The Tupperware Terminator

What you do

Heat the oil in a large non-stick frying pan. Add the onion, ginger and garlic. Cook until onion begins to brown.

Stir in the mince and break up any lumps. Cook, stirring frequently, until mince has lost its pink colour.

Add the spices and cook for 1-2 more minutes before adding the rice, tomatoes in their juice and stock. Bring the mixture to the boil and then reduce the heat to a gentle simmer. Cover and cook, stirring occasionally, until rice is tender. I find that, at a slow heat, this takes about 30-40 minutes. If it starts to dry out, just add some more water.

Season with salt and pepper then serve. Garnish with a sprinkling of almonds, currants and coriander (if using).

I’ve made this a few times since discovering the recipe in March but until last night it seems to have avoided both camera and blog. It doesn’t take a lot of time or effort to prepare and is another uber-flexible recipe that you can tweak depending on what you might have available in the fridge.
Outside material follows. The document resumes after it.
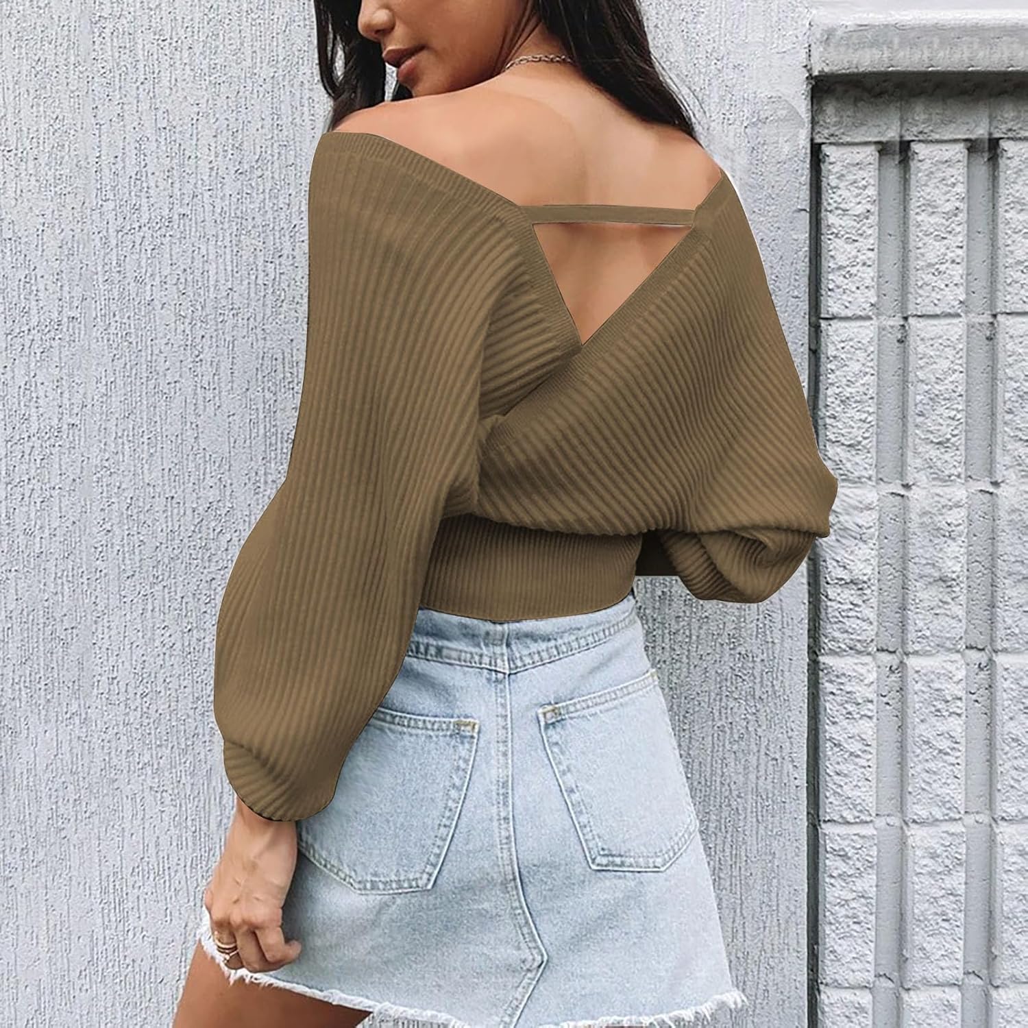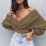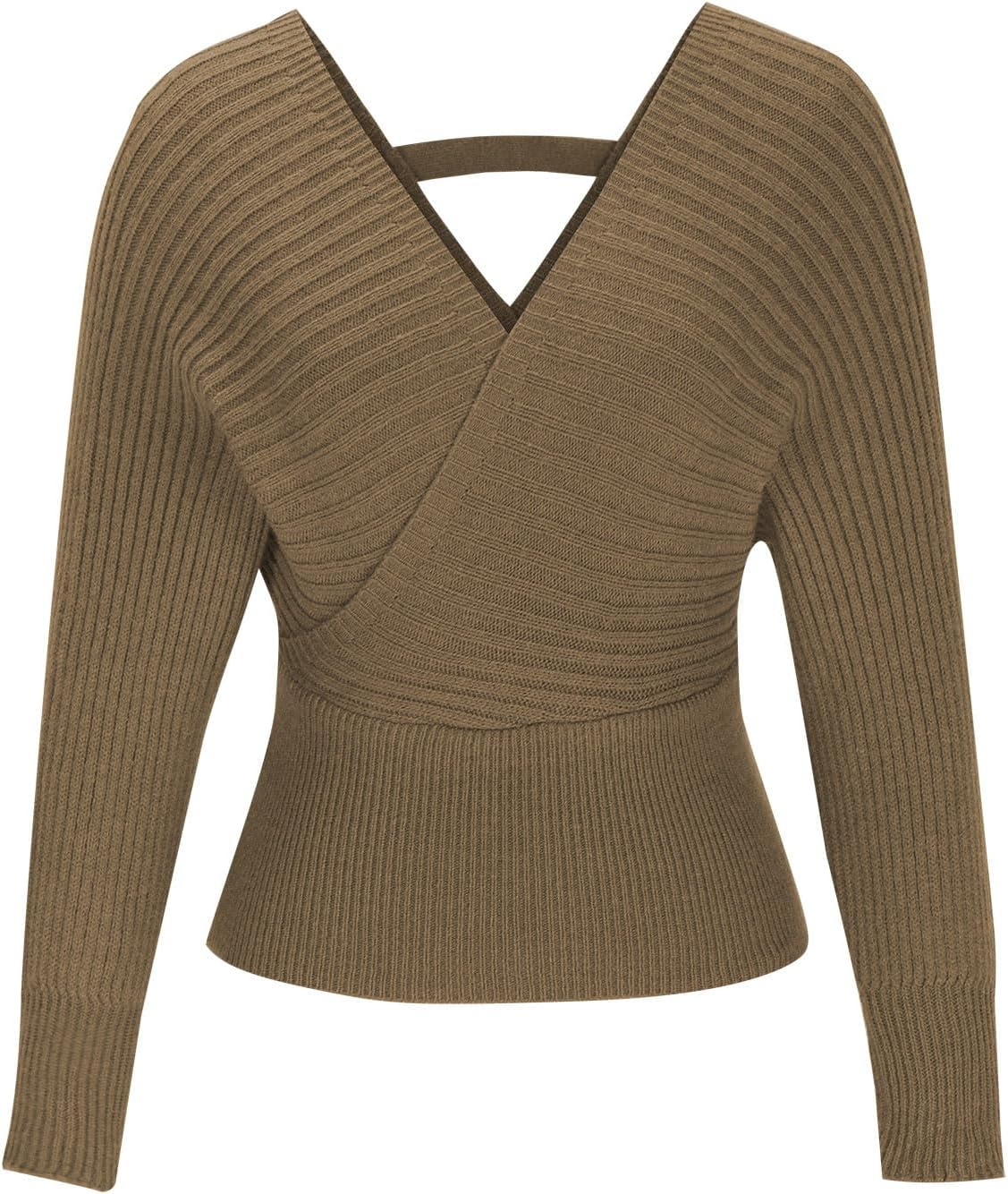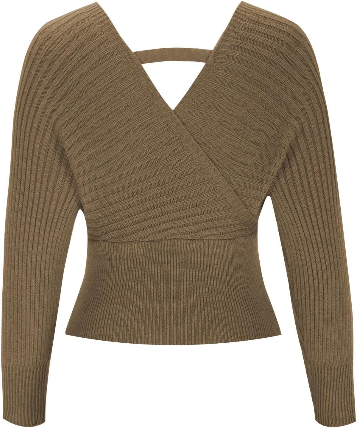 Women’s V Neck Knit Sweater Batwing Long Sleeve Ribbed Cropped Tops Wrap Surplice Solid Casual Pullover Jumper
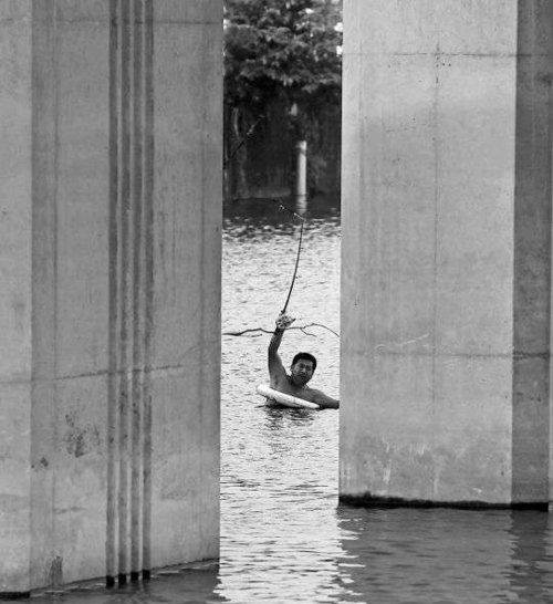 金山大桥距金山湖约15米高,该男子跳下后很快浮出水面。目击者称,在水面表演了一段花式游泳后,该男子距岸边已不到20米。来回游了约3分钟,该男子一个猛子扎进水底,再没上来。

Having successfully experimented with a  vegetarian version of the Going Nutty With Rice recipe, I thought I might try the same with this one. Looking to provide dinner for the next 3-4 nights I also increased the quantities to make the same quantity as that nutty recipe. The change I made were to substitute the following from the original recipe above:

  • 400g lean lamb or beef mince became two diced carrots, a diced stick of celery, a diced up chuck of cauliflower (about a cup) and a cup of frozen peas.
  • 2 teaspoons curry powder was increased to three teaspoons.
  • 2 teaspoons garam masala was increased to three teaspoons.
  • 1/2 teaspoon chilli powder was increased to a  full teaspoon.
  • 1/2 teaspoon cloves was increased to a  full teaspoon.
  • 1/2 teaspoon ground cinnamon was increased to a  full teaspoon.
  • 1 teaspoon of cardamon powder. I kept this the same but probably should have increased it to 1 1/2 teaspoons.
  • 1 cup long-grain or basmati rice became 1 1/2 cups.
  • 2 cups liquid chicken stock became three cups. This was enough stock for flavour but I had to add two extra cups of water before the rice was cooked properly. I actually used Maggi Green Herb stock powder as I found that I was out of chicken stock.

I was very happy with the result although for dining in polite company I might look at reducing the curry and chili powder by about a third so that they match the proportional increase in the size of the recipe i.e. the 50% increase in the rice and stock.